You keep going through pages of "Things You Think Only You Do" clicking the button until you realize that your on like page 50.

Don't have to poop for a week until I get in the shower

being a mid-teenager, never having a relationship before and don't care at all.

hold my shirt with my chin when i'm peeing.

Whenever I slurp from a straw I do it a little bit at a time, slowly and steadily so people don't turn at me and give me an annoyed face.

When I forget to brush my teeth, scrape off the plaque on my teeth with my fingernail.

After I flush the toilet, I run out of the bathroom really fast.

Own all of you hard! Moral: EXPLOSION NOISE!

I pick my nose n eat it.

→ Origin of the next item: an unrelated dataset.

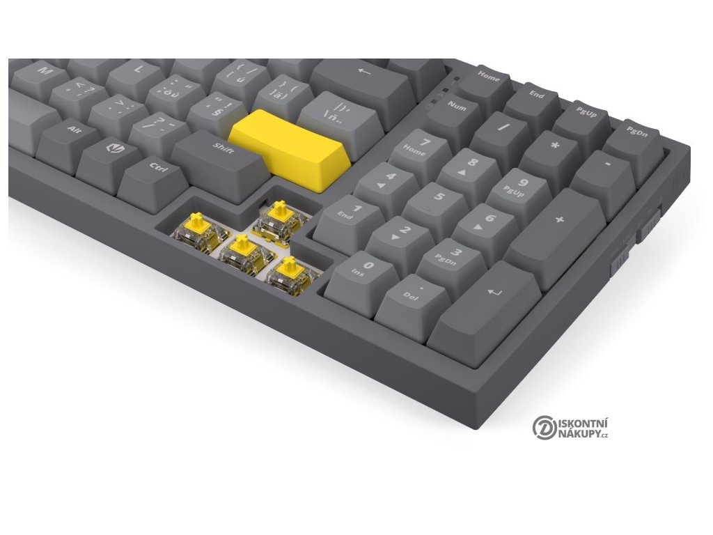 Součástí balení je kabel USB-C na USB, bezdrátový USB přijímač, nástroj na odstraňování kláves, nástroj na odstraňování spínačů, sada šedých kláves Enter a Esc a sada kláves určených pro macOS.

I love the hard ones

Whenever I walk through automatic doors I say "Thank You"

I very carefully smell what I'm about to eat before I eat it, but I'd most likely eat it, even if I hadn't smelled it first.

kick something under the fridge that you dont want to pick up

Whenever I switch sides on my bed, I feel like when I turn around some scary clown face is going to be RIGHT THERE in my face

When telemarketers call I speak Afrikaans to them until they hang up

avoid going in the handicap bathroom stall because you're afraid someone will see you cause it's so big

FAP FAP FAP FAP FAP FAP FAP FAP FAP FAP FAP FAP FAP FAP FAP FAP FAP FAP FAP FAP FAP FAP FAP FAP FAP FAP FAP FAP FAP FAP FAP FAP FAP FAP FAP FAP FAP FAP FAP FAP FAP FAP FAP FAP FAP FAP FAP FAP FAP FAP FAP FAP FAP FAP FAP FAP FAP FAP FAP FAP FAP FAP FAP FAP FAP FAP FAP FAP FAP FAP FAP FAP FAP FAP FAP FAP FAP FAP FAP FAP FAP FAP FAP FAP FAP FAP FAP FAP FAP FAP FAP FAP FAP FAP FAP FAP FAP FAP FAP FAP FAP FAP FAP FAP FAP FAP FAP FAP FAP FAP FAP FAP FAP FAP FAP FAP FAP FAP FAP FAP FAP FAP FAP FAP FAP FAP FAP FAP FAP FAP FAP FAP FAP FAP FAP FAP FAP FAP FAP FAP FAP FAP FAP FAP FAP FAP FAP FAP FAP FAP FAP FAP FAP FAP FAP FAP FAP FAP FAP FAP FAP FAP FAP FAP FAP FAP FAP FAP FAP FAP FAP FAP FAP FAP FAP FAP FAP FAP FAP FAP FAP FAP FAP FAP FAP FAP FAP FAP FAP FAP FAP FAP FAP FAP FAP FAP FAP FAP FAP FAP FAP FAP FAP FAP FAP FAP FAP FAP FAP FAP FAP FAP FAP FAP FAP FAP FAP FAP FAP FAP FAP FAP FAP FAP FAP FAP FAP FAP FAP FAP FAP FAP FAP FAP FAP FAP FAP FAP FAP FAP FAP FAP FAP FAP FAPFAP FAP ::TROLLFACE::

Sometimes I just space out for a period of time and completely forget that I'm breathing. Then when I snap out of it, I kind of breathe deeply because I thought I forgot to breathe.

act like people from movies or shows just because my life is that boring

When I have a bottle in my hand and nothing to do in class. I read the nutrition facts and ingredients 2 to 4 times until the teacher says something.

I'm paranoid of EVERYTHING. When I enter a room, I inspect it for cameras. When I'm in the bathroom I cover all the cameras on my iPod, Phone, etc. When I do something I'm not supposed to do on the computer (such as download music for free), I cover the webcam to assure the government can't see me. I control my thoughts 24/7 at fear that someone will read my thoughts. I have a strict feeling the someone is always watching me. I fear subliminal advertisements also. To sum everything up you could just read the first part. I DONT TRUST ANYTHING OR ANYONE! I'm Not sure if anyone else is as paranoid as I am...

I sometimes feel the desire to grab something fragile and - not out of anger, just because it would be funny - hurl it across the room to watch it explode.

I plan to put money away everyday but never seem to do it.

When Im bored in a house that has leafy/floral wallpaper I follow the stem with my finger all the way up to the top of the wall and then go back down again and think of a route that gets you all the way to the other side of the wall.

I prefer to masturbate by putting a fleshlight under my stuffed-toy smurfette's dress and pretend to smurf her.

Things You Think Only You Do

A collection of things you think only you do. Go ahead and confess. You probably aren't the only one.